One of the downsides of how we learn math in high school is that many of us come to believe that if we can't solve a problem in ten or twenty minutes, then we can't solve it at all. There will be problems in this book that take hours of hard thought. Many of these problems were first conceived and solved by professional mathematicians, and they spent days or weeks on them. How can you be expected to solve them at all then? You have a context in which to work, and even though some of the problems are so open ended that you go into them without any idea of the answer, the context and the leading examples that preceded them give you a structure to work with. That doesn't mean you'll get them right away, but you will find a real sense of satisfaction when you see what you can figure out with concentrated thought. Besides, you can get hints!

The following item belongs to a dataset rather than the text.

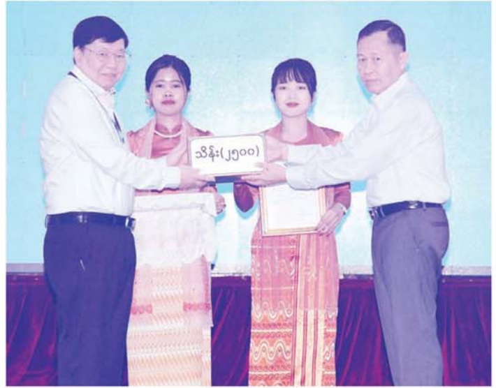
နိုင်ငံတော်စီမံအုပ်ချုပ်ရေးကောင်စီ ဒုတိယဥက္ကဋ္ဌ ဒုတိယဝန်ကြီးချုပ် ဒုတိယဗိုလ်ချုပ်မှူးကြီးစိုးဝင်း ရေးဘေးဒဏ်သင့်ခဲ့ရသည့်ဒေသများ၌ ကူညီကယ်ဆယ်ရေးနှင့် ပြန်လည်ထူထောင်ရေးလုပ်ငန်းများ ဆောင်ရွက်ရန်အတွက် စေတနာရှင်၊ အလှူရှင်တစ်ဦးက လှူဒါန်းသည့် အလှူငွေကို လက်ခံရယူစဉ်။

Some of the questions will appear to be trick questions, especially when you get the answer. They are not intended as trick questions at all. Instead they are designed so that they don't tell you the answer in advance. For example the answer to a question that begins “How many...” might be “none.” Or there might be just one example (or even no examples) for a problem that asks you to find all examples of something. So when you read a question, unless it directly tells you what the answer is and asks you to show it is true, don't expect the wording of the problem to suggest the answer. The book isn't designed this way to be cruel. Rather, there is evidence that the more open-ended a question is, the more deeply you learn from working on it. If you do go on to do mathematics later in life, the problems that come to you from the real world or from exploring a mathematical topic are going to be open-ended problems because nobody will have done them before. Thus working on open-ended problems now should help to prepare you to do mathematics later on.

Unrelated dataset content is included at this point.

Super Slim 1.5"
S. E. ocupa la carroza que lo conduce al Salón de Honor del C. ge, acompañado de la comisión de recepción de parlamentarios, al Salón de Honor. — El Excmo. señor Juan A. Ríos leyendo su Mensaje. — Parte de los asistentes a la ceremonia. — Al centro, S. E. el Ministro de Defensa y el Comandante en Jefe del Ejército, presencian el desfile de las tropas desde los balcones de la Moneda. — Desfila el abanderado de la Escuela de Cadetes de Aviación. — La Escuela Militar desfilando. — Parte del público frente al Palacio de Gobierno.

As you work on a problem, think about why you are doing what you are doing. Is it helping you? If your current approach doesn't feel right, try to see why. Is this a problem you can decompose into simpler problems? Can you see a way to make up a simple example, even a silly one, of what the problem is asking you to do? If a problem is asking you to do something for every value of an integer $n\text{,}$ then what happens with simple values of $n$ like 0, 1, and 2? Don't worry about making mistakes; it is often finding mistakes that leads mathematicians to their best insights. Above all, don't worry if you can't do a problem. Some problems are given as soon as there is one technique you've learned that might help do that problem. Later on there may be other techniques that you can bring back to that problem to try again. The notes have been designed this way on purpose. If you happen to get a hard problem with the bare minimum of tools, you will have accomplished much. As you go along, you will see your ideas appearing again later in other problems. On the other hand, if you don't get the problem the first time through, it will be nagging at you as you work on other things, and when you see the idea for an old problem in new work, you will know you are learning.